» **PROBLEM REQUIREMENTS**
Within the listing below, give again exactly the lines between the one containing "3月30日下午,浙江理工大学" and the one containing "4、然后在【新建出站规则向导】界面中选择【程序】,点击【下一步】。", inclusive, pictures left aside.

» **DATA**

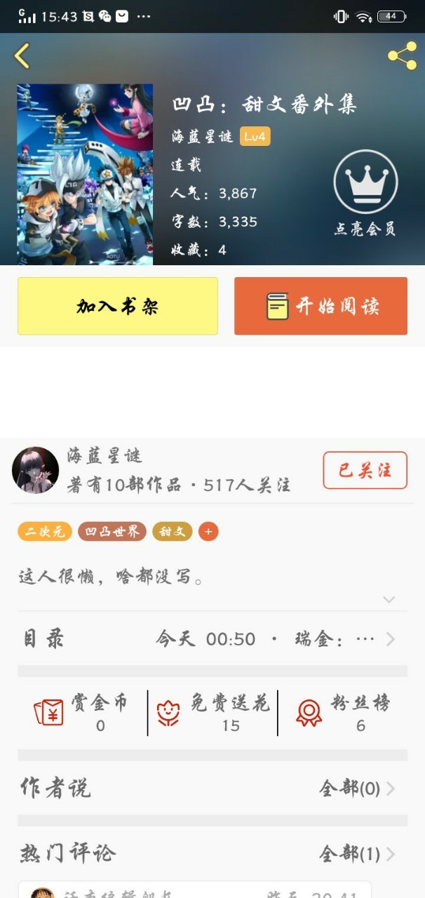 海蓝星谜.作者粉福的事是讲的差不多了啊,就是那个几个加了群的能不能活跃一点?
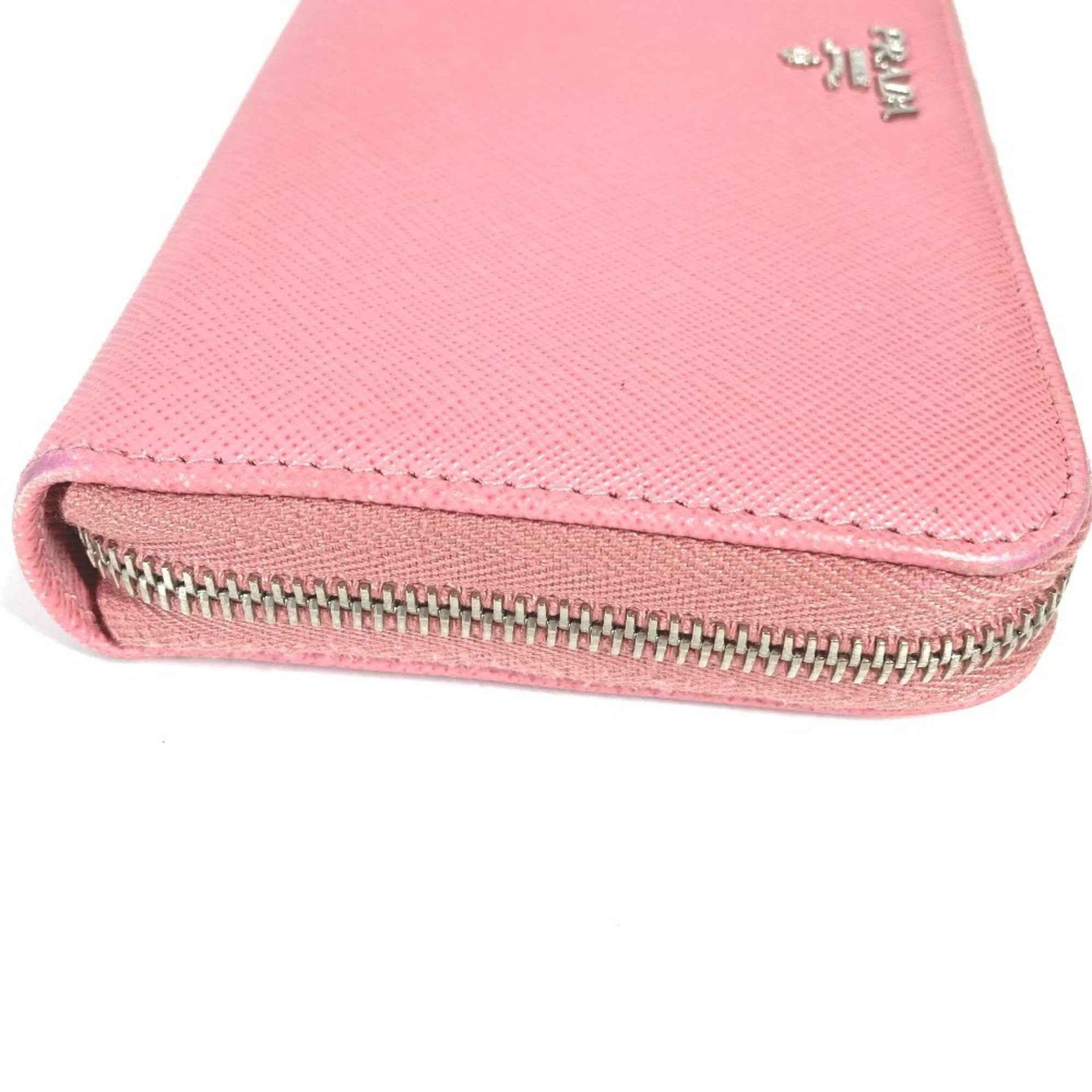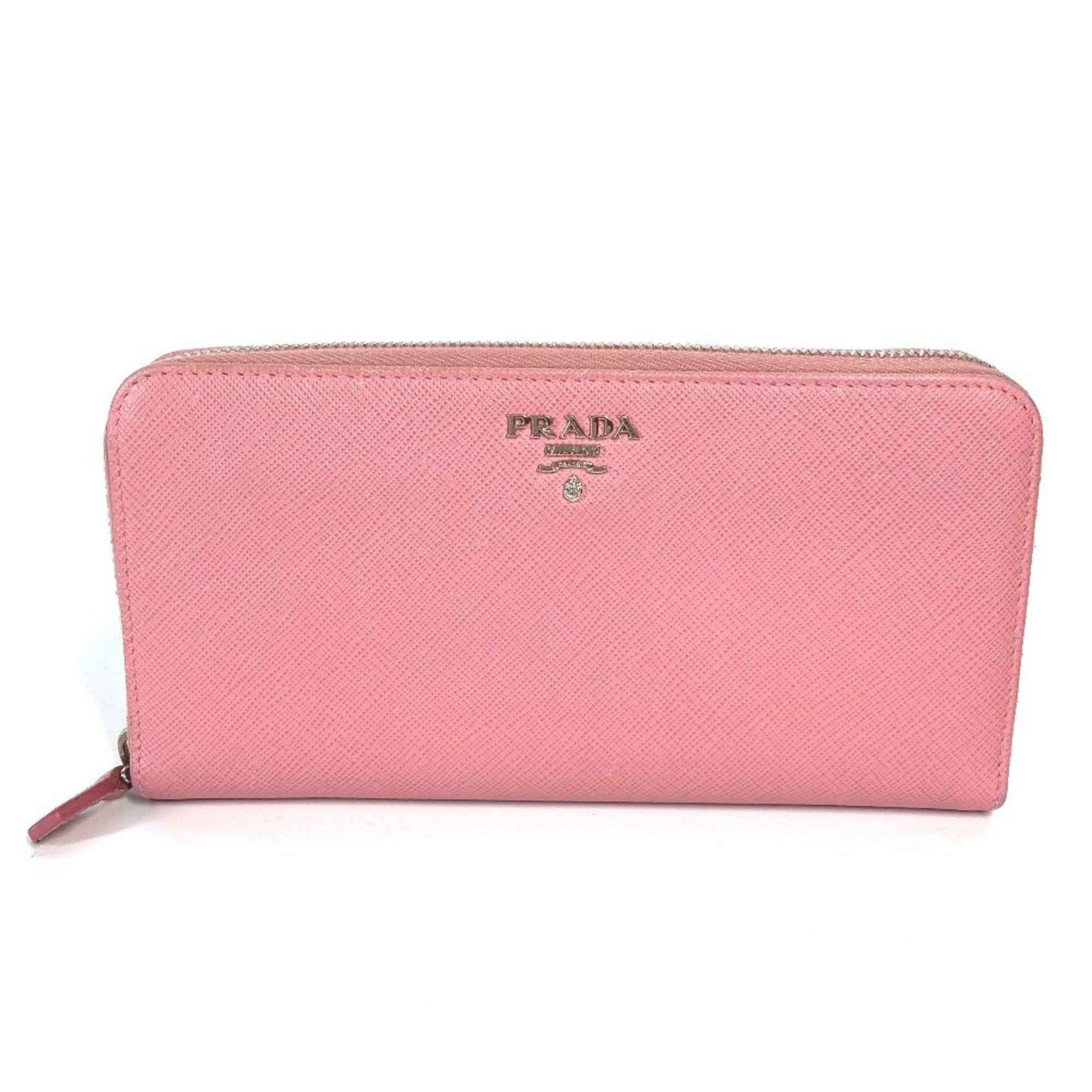 PRADA Prada logo round zip long wallet in Saffiano leather, women\'s, pink
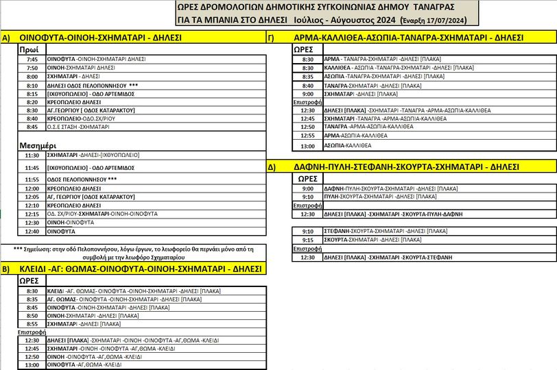 Ανακοίνωση για δρομολόγια Δημοτικής συγκοινωνίας για τα μπάνια – Καλοκαίρι 2024. Ο Δήμος Τανάγρας ανακοινώνει ότι από...
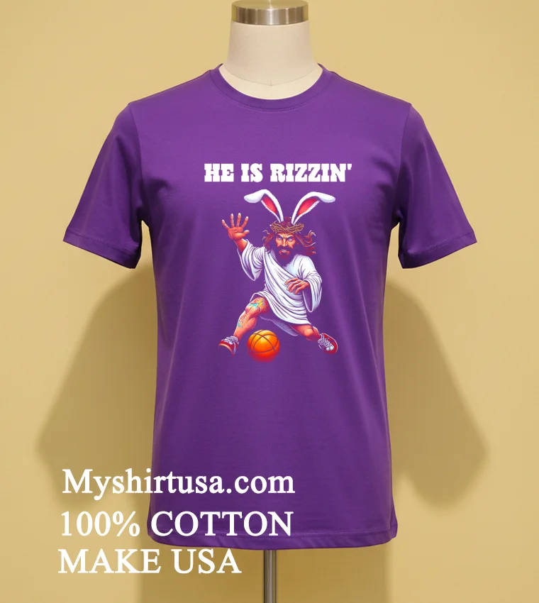 Remember when that viral clip of that basketball player, let’s call him “Hoops Hallelujah,” wore something totally unexpected to a post-game presser? It sparked a whole new conversation about embracing individuality and fun in fashion. Well, if you felt that vibe, you’re going to get the He Is Rizzin Bunny Ear Jesus Playing Basketball Shirt. It’s more than just a shirt; it’s a statement, perfect for hitting up your local pickup game, rocking at a casual brunch, or even just chilling at home watching the latest NBA playoffs. With the ‘quiet luxury’ trend still making waves, but Gen Z pushing back with bold, expressive graphics, this tee perfectly blends that desire for unique self-expression with comfort. It’s the kind of piece that says, “Yeah, I’m tuned into what’s happening, but I’m also just here to have a good time.”
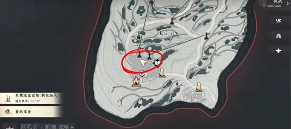 4、收集到足够的烧饼后,前往下图所示的位置,走到篝火旁选择取暖选项,就能烤制烧饼了。
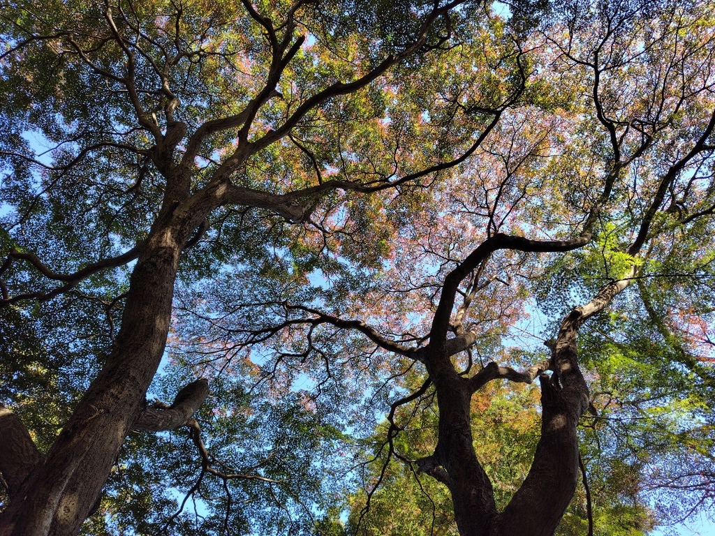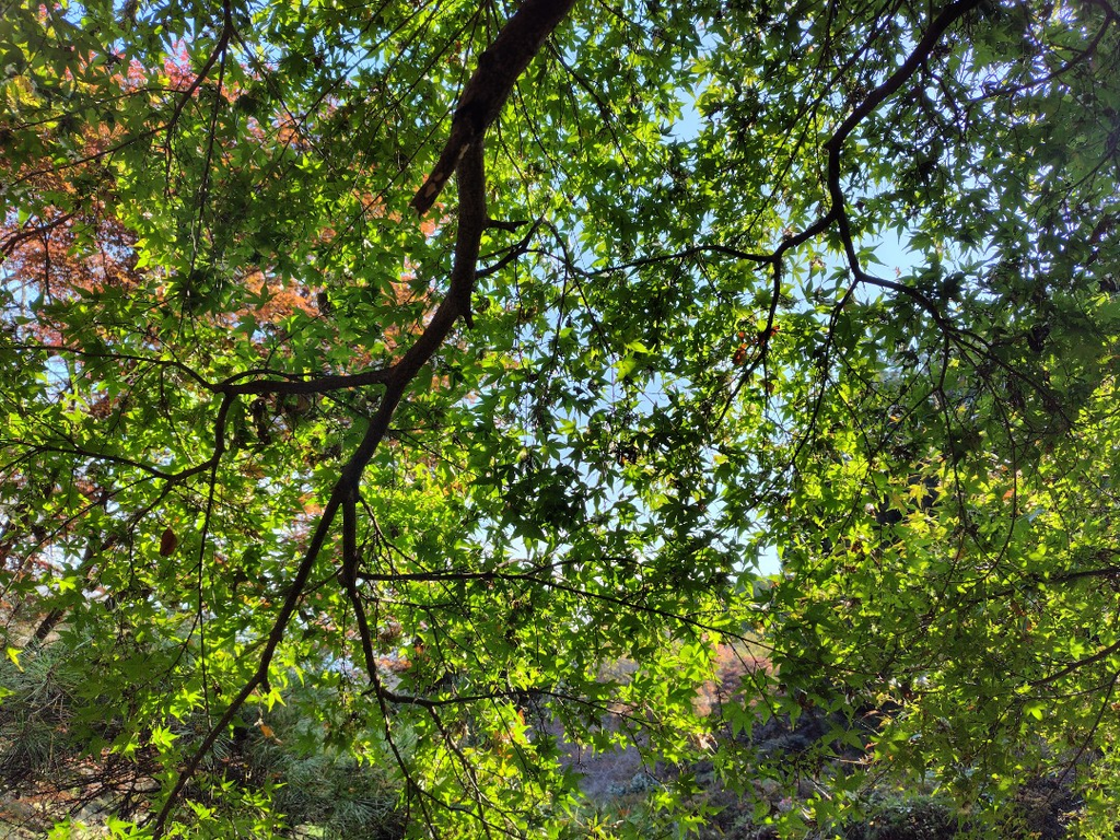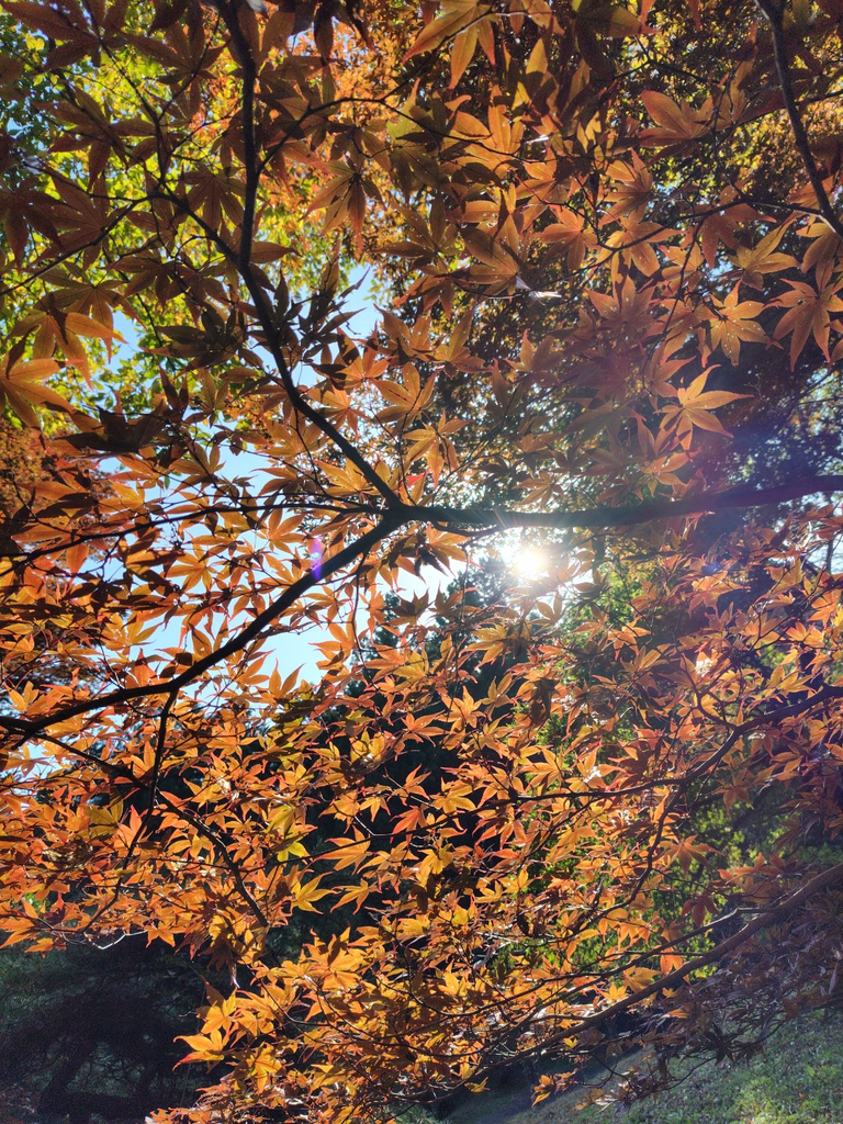 もみじ祭りは11月10日〜25日だそうですが、ひと足先に行ってきました。紅葉のピークはこれからですが、青々した葉から、オレンジや赤に色づいたもみじ、黄色いイチョウとカラフルで、とっても素敵でした。 (訪問:2025/11/08)
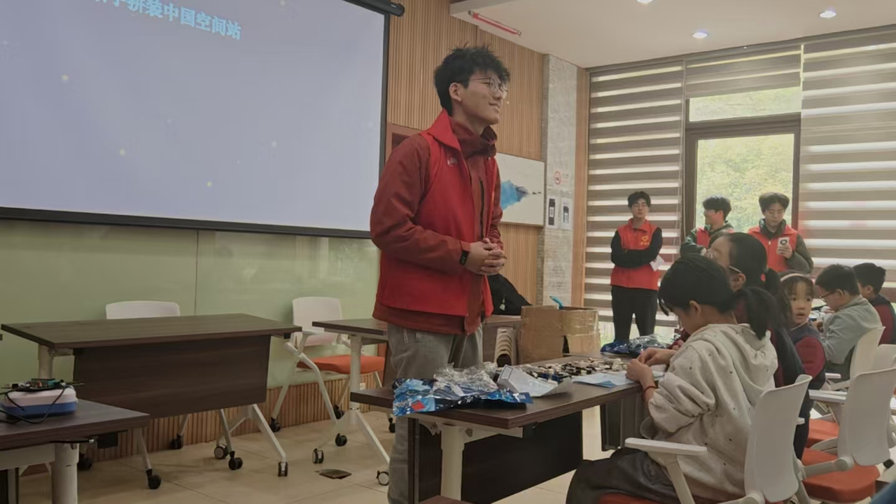 3月30日下午,浙江理工大学信息科学与工程学院(网络空间安全学院)的师生走进海天社区党群服务中心,为社区少年儿童带来了一场别开生面的“去天宫看看”航天科普志愿服务活动。
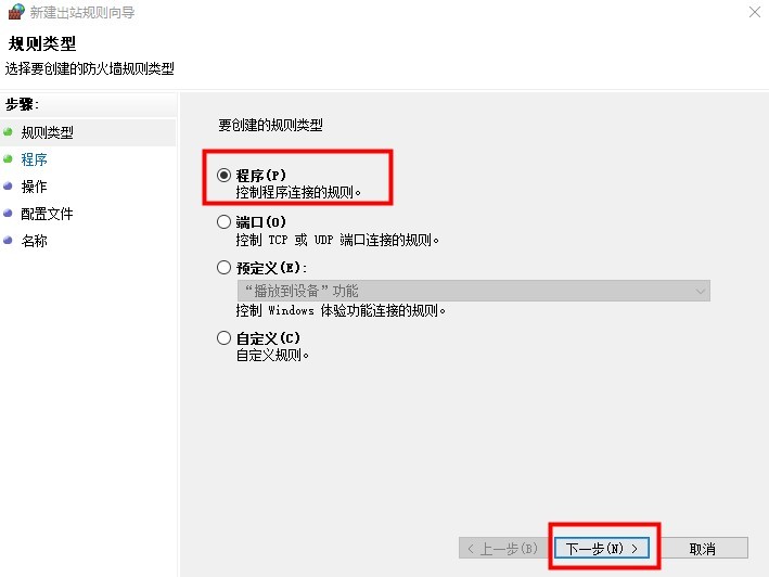 4、然后在【新建出站规则向导】界面中选择【程序】,点击【下一步】。
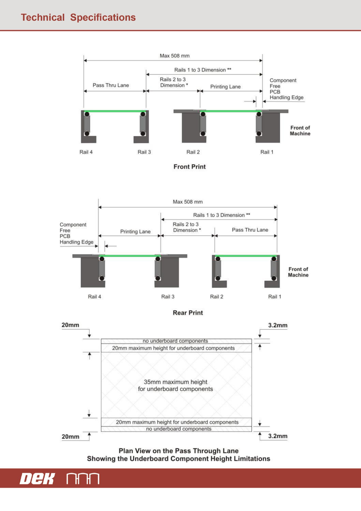 5 DEK Galaxy APi DL Machine Standar d Configuration Pr ocess Para meters Specification Print Pressure 0kg to 20kg Print Speed 2mm/sec to 300mm/sec Print Gap 0mm to 6mm Substrate Separation Speed: 0.1mm/sec to 20mm/sec Di…
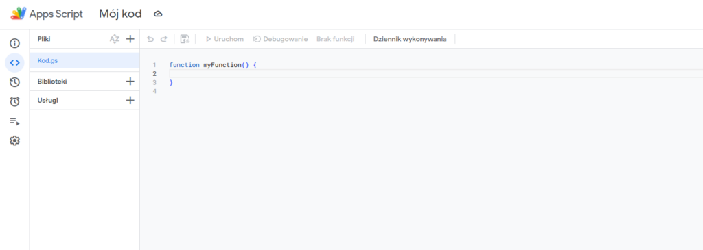 Domyślnie w pliku znajduje się jedna funkcja dodana przez system o nazwie myFunction, jest to nic innego jak po prostu funkcja w języku programowania JavaScript. Zazwyczaj pierwszym kodem pisanym w nowym środowisku jest jakiś prosty console.log – tak też zrobimy w tym przypadku.
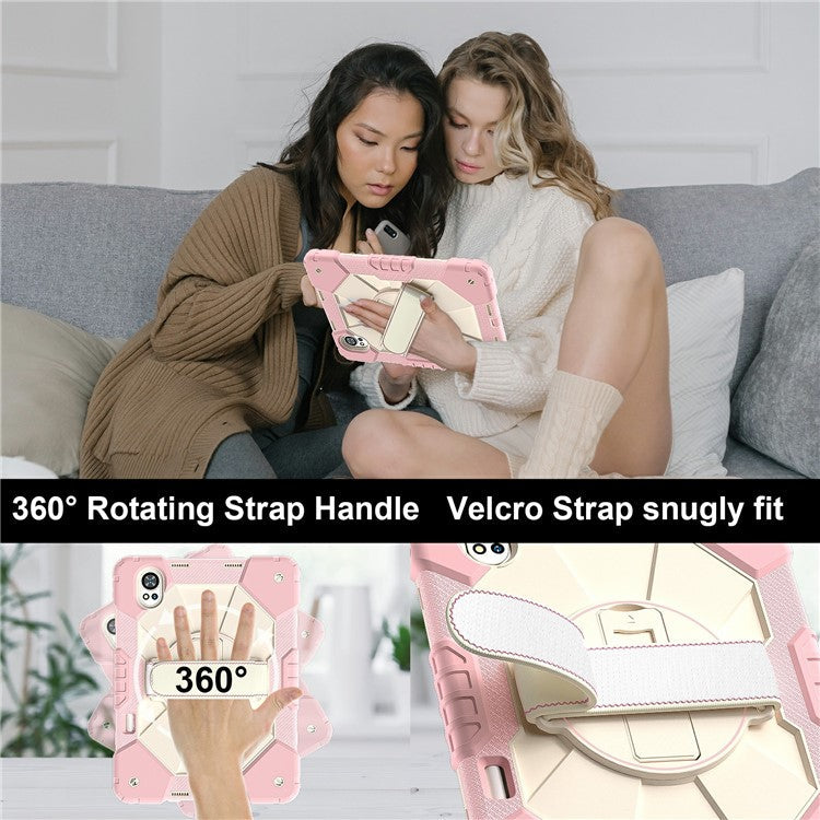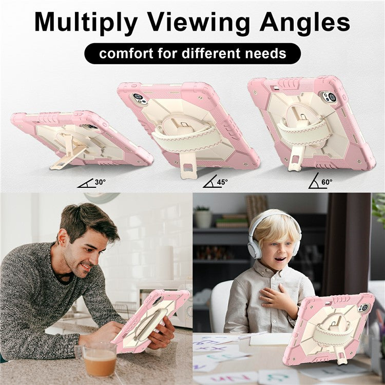 For Huawei MatePad Air (2024) Case Kickstand Silicone+PC Tablet Cover with Shoulder Strap - Rose Gold / Grey

» **OUTPUT**
 3月30日下午,浙江理工大学信息科学与工程学院(网络空间安全学院)的师生走进海天社区党群服务中心,为社区少年儿童带来了一场别开生面的“去天宫看看”航天科普志愿服务活动。
 4、然后在【新建出站规则向导】界面中选择【程序】,点击【下一步】。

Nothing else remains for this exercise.